- 1 14-ounce package extra-firm tofu, cut into 6 slices crosswise and pressed
- 1/4 cup soy sauce
- 1 tablespoon rice wine vinegar
- 1 teaspoon minced fresh ginger
- 1/2 cup chicken broth
- 1 tablespoon sambal oelek (Southeast Asian chile sauce)
- 1 teaspoon cornstarch
- 1 tablespoon canola or vegetable oil
- 1 small onion, diced
- 1 red bell pepper, thinly sliced
- 1/2 pound cremini mushrooms, sliced
- 1 carrot, julienned
- 2 cloves garlic, minced
- 2 scallions, sliced
- 1/4 cup roasted peanuts, chopped, plus more for garnish
- Cooked white or brown rice, for serving
1. Press the tofu: Lay a clean dishtowel or a few paper towels on a baking sheet or plate. Slice the tofu widthwise into slabs (I like to create 6 slices) and lay them on the baking sheet.
2. Cover with another dishtowel or set of paper towels, then place another baking sheet or plate on top. Then place something heavy on top to help press out the water—books, a stack of bowls or a cast-iron pan all work well. Let sit for at least 30 minutes.
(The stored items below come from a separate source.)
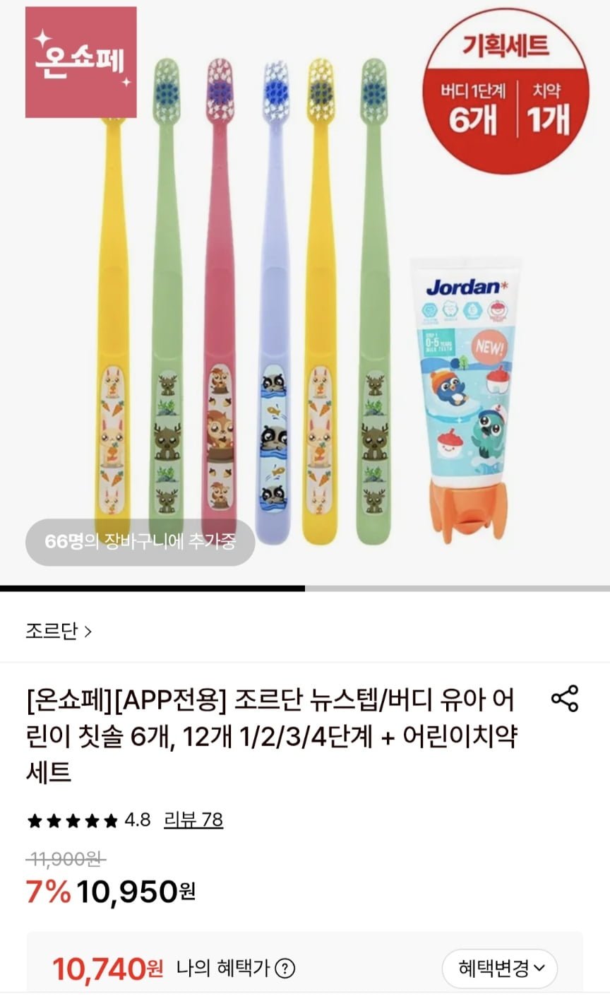 [롯데온]조르단 뉴스텝/버디 유아 어린이 칫솔 6개, 12개 1/2/3/4단계 (7,040원/무료)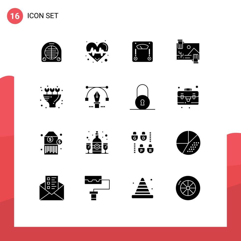 Pack of 16 Modern Solid Glyphs Signs and Symbols for Web Print Media such as bouquet image machine dividend contibution Editable Vector Design Elements Free Vector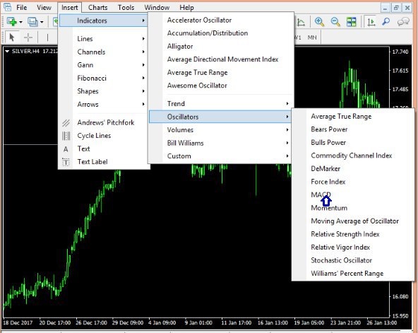 Simply go to ‘Insert’ > click open on MT4 platform and place your cursor on indicators.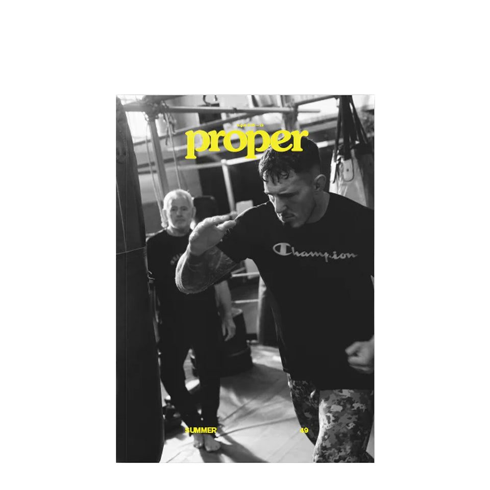The Proper Magazine Issue 49 explores the intersection of clothing, culture, and the outdoors. This slightly larger edition covers trail running, outdoor gear, fishing, and interviews with Lorenzo Osti, Tom Aspinall, and Nike ACG pioneers.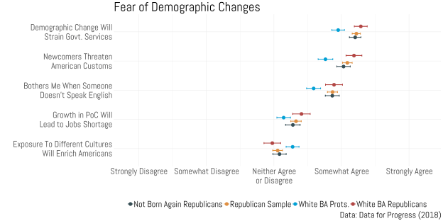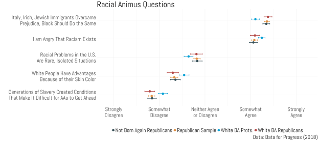 In a previous post, I described the results of data from November of 2018 which indicate that white evangelicals were actually more Republican halfway through the Trump administration, than before he was elected. They show no signs of regretting their decision; if fact it appears they are emboldened by the Trump administration. Nearly 80% of white evangelicals who attended church once a week or more approved of the job that Donald Trump was doing as commander in chief. After writing that post I was struck with a simple thought: is white evangelical just a synonym for Republicans now? Is there any daylight between how a typical Republican feels and how a born-again evangelical feels on political or racial issues? Once again, I turned to the great new dataset available from Data for Progress to try and answer these questions.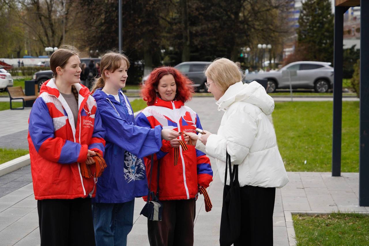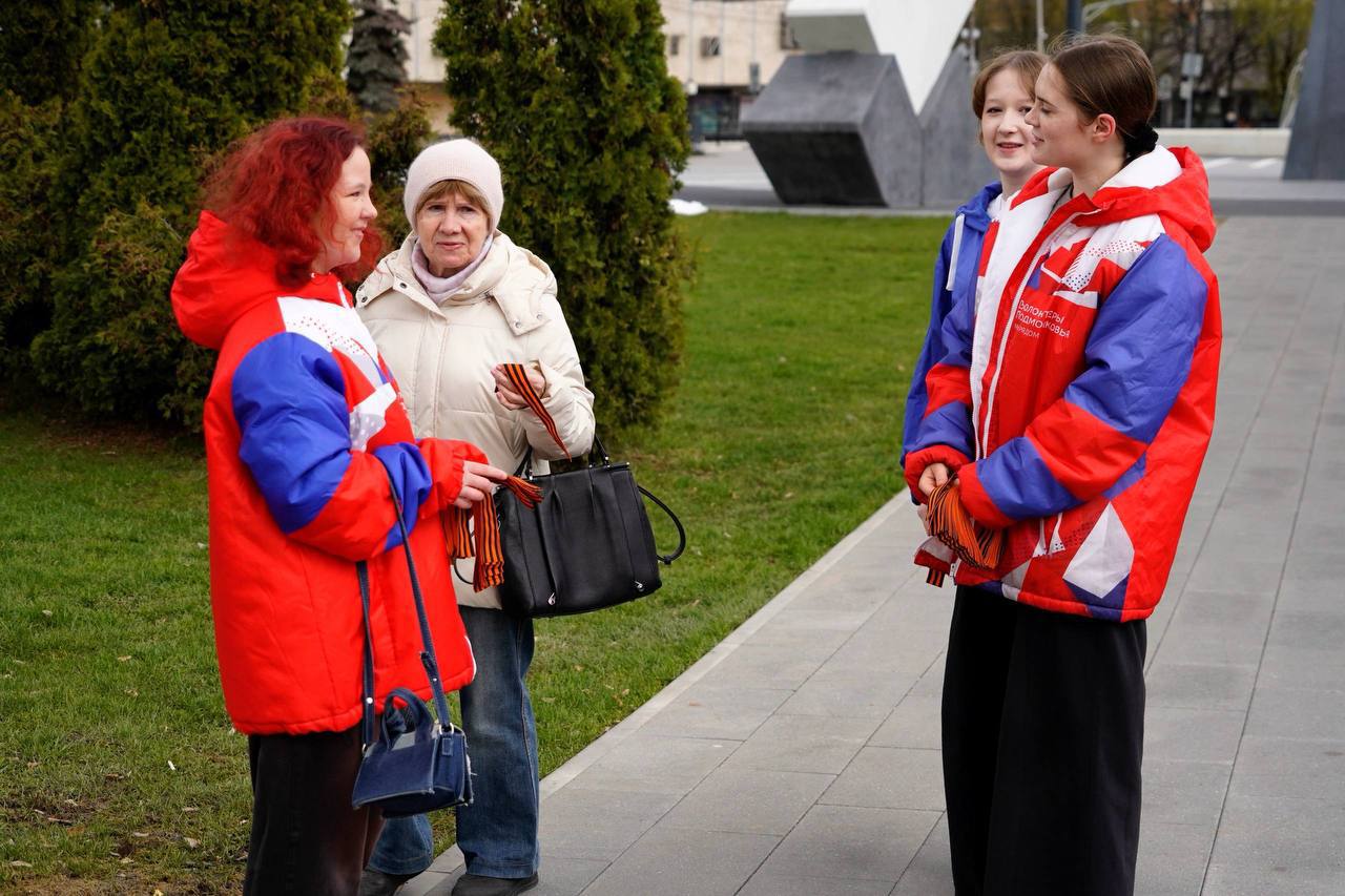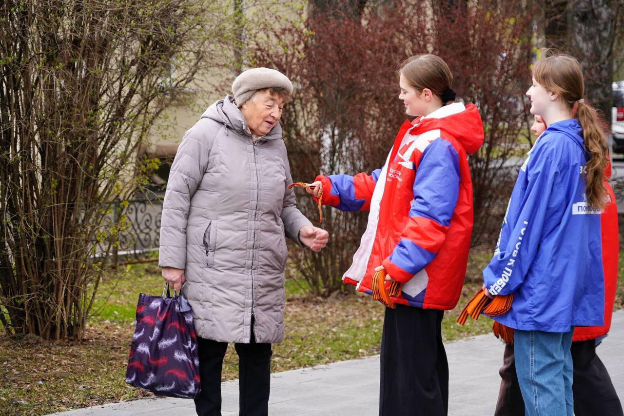 Волонтёры поздравляли прохожих с наступающим 9 Мая — 81-й годовщиной Великой Победы. Акция продлится до 9 мая – активистов с лентами можно будет встретить на улицах, в парках и скверах округа.

3. In a resealable plastic bag, combine the soy sauce, rice wine vinegar and ginger. Add the tofu and turn gently to coat. Place in the refrigerator to marinate for about 15 minutes.
4. Preheat the broiler.
5. When the tofu is marinated, arrange in a single layer on an aluminum foil-lined baking sheet. Broil for 10 to 15 minutes, until the tofu is golden. When cool enough to handle, cut into 1/2-inch cubes.
6. Meanwhile, pour the leftover marinade into a bowl. Whisk in the chicken broth, sambal oelek and cornstarch and set aside.
7. In a large skillet, heat the canola oil over medium-high heat. Add the onion, red bell pepper and mushrooms. Cook until the vegetables are tender, about 5 to 8 minutes. Add the carrots and garlic and cook, stirring often, for 1 minute. Add the reserved marinade mixture and cook until the sauce thickens slightly, about 1 minute.
8. Remove from the heat and stir in the tofu, scallions and peanuts. Serve over rice garnished with additional peanuts.